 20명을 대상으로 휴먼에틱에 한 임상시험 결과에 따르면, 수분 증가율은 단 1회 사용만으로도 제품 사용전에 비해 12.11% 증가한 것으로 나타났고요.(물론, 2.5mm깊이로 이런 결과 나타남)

···

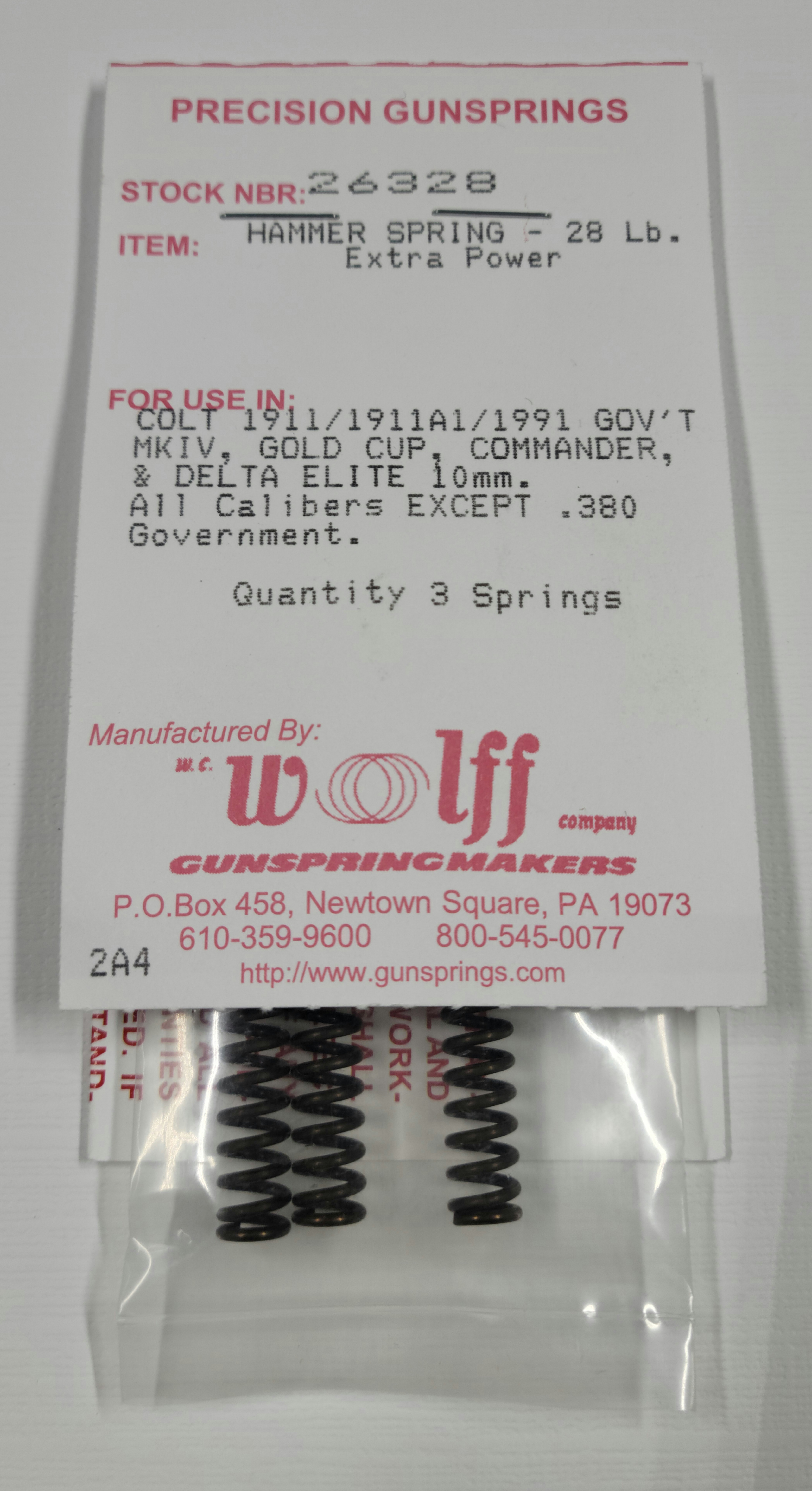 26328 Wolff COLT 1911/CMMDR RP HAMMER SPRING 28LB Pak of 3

···

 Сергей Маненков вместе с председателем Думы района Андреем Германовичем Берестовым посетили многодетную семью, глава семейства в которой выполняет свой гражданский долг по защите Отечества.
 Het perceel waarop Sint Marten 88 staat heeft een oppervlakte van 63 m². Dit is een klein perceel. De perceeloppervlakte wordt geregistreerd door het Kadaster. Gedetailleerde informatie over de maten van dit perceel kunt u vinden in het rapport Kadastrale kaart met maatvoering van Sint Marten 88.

···

# Problem description
Only one part of the material above is to be transcribed, namely the lines starting with the line that has "Сергей Маненков вместе" and going on through the line that has "Het perceel waarop", exactly as they stand.

# Written answer
 Сергей Маненков вместе с председателем Думы района Андреем Германовичем Берестовым посетили многодетную семью, глава семейства в которой выполняет свой гражданский долг по защите Отечества.
 Het perceel waarop Sint Marten 88 staat heeft een oppervlakte van 63 m². Dit is een klein perceel. De perceeloppervlakte wordt geregistreerd door het Kadaster. Gedetailleerde informatie over de maten van dit perceel kunt u vinden in het rapport Kadastrale kaart met maatvoering van Sint Marten 88.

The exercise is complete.